Ideas and Political Change: A (Very) Short History of Transportation Deregulation
Public choice is a field of study that is a relative new-comer in the discipline of economics. Even more recent is the attempt to incorporate ideas into models of political economy. In Madmen Ed and Wayne have made a giant leap in the development of an economic framework, a “transmission mechanism” if you will, whereby ideas influence political outcomes. This approach offers great potential for helping to explain political change. Transportation deregulation during the 1970s is a case in point.
Standard models of political economy seek to explain regulation and deregulation in terms of the changing power of interest groups. During the 1980s, attempts were made to explain transportation and telecommunications deregulation (for example here , here , and here) using the economic theory of regulation. A loss of rents preceding deregulation and/or interest groups demanding to be deregulated would have supported the economic theory. Given that the relevant interest groups were by-and-large opposed to deregulation, and/or were still receiving fairly substantial rents – member of the teamsters union, for example—economic explanations for deregulation appeared less than robust.

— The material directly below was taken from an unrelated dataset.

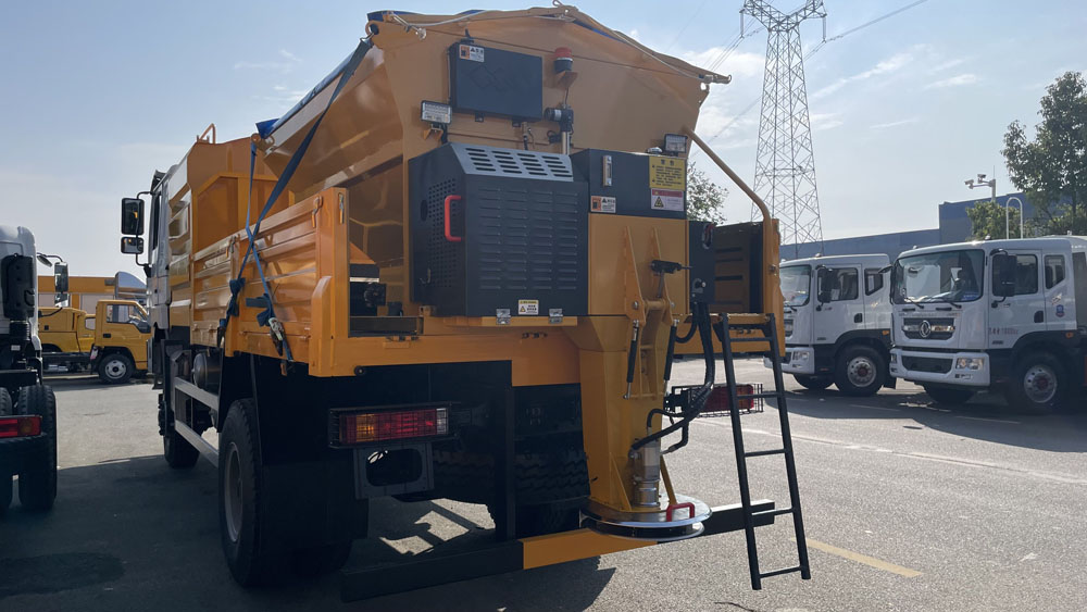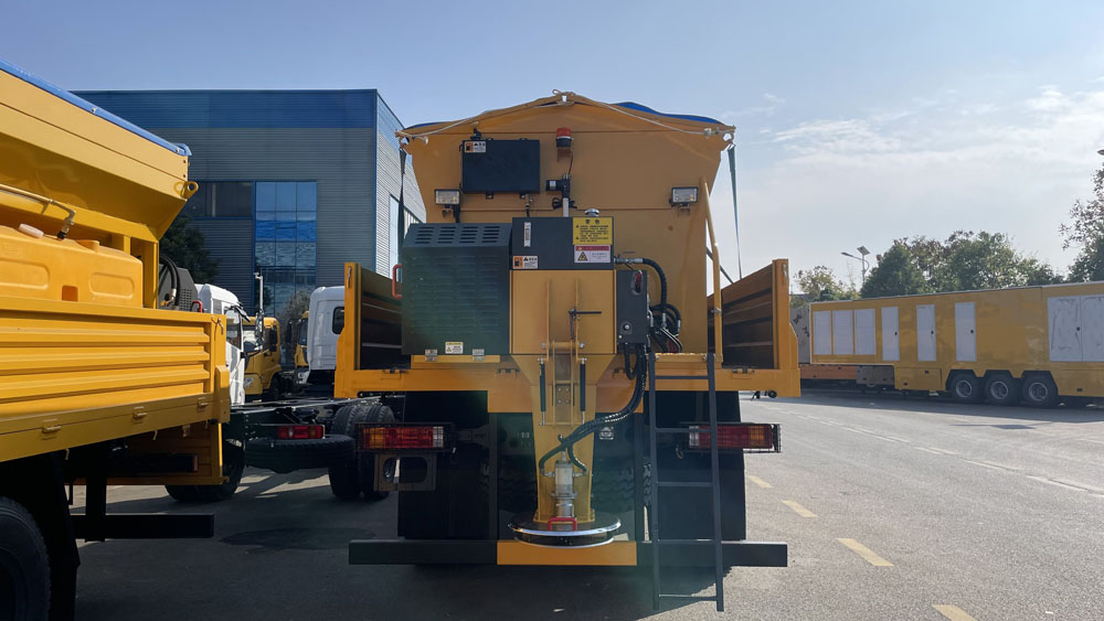 - 料箱設計合理:料箱容積較大,如有的型號可達 10m³,可減少加料次數,提高作業效率。整機及料斗內外采用碳鋼板結構,并進行防腐處理,撒布盤為不銹鋼材質,具有良好的耐腐蝕性,適應各種惡劣環境。料倉上蓋有網柵,可有效過濾大塊融雪劑,防止其堵塞輸送裝置;頂部還裝有遮蓋帆布,能防止雨、雪進入料倉,保證融雪劑的質量和撒布機的正常使用.

The enactment of deregulation in the presence of interest group opposition to political change provided ammunition to other social scientists who favored a politics of ideas framework (see also here). In this narrative, the academic critique of economic regulation was the driving force in political change, and it was the fashion and feasibility of deregulation fostered and demonstrated by economists in charge of regulatory agencies (such as Alfred Kahn at the CAB) that over-powered interest group opposition to change.
Public choice economists tend to be justifiably skeptical of such “public interest” arguments for government policy– particularly in this case since the academic critique of economic regulation developed and matured at least fifteen years before deregulation took place. Ideas matter, but the challenge from an economic perspective has been to understand how ideas work though incentives and institutions to affect political outcomes.
On page 108 of Madmen Ed and Wayne have an apt quote from John Stuart Mill:
Ideas, unless outward circumstances conspire with them, have in general no very rapid or immediate efficacy in human affairs . . .
Political actors must have an incentive to use an idea to further an agenda. In future posts I will discuss some earlier scholarship on deregulation, and more on how the ideas put forth in Madmen can be incorporated to explain the deregulation that occurred during the 1970s, particularly interstate air passenger service.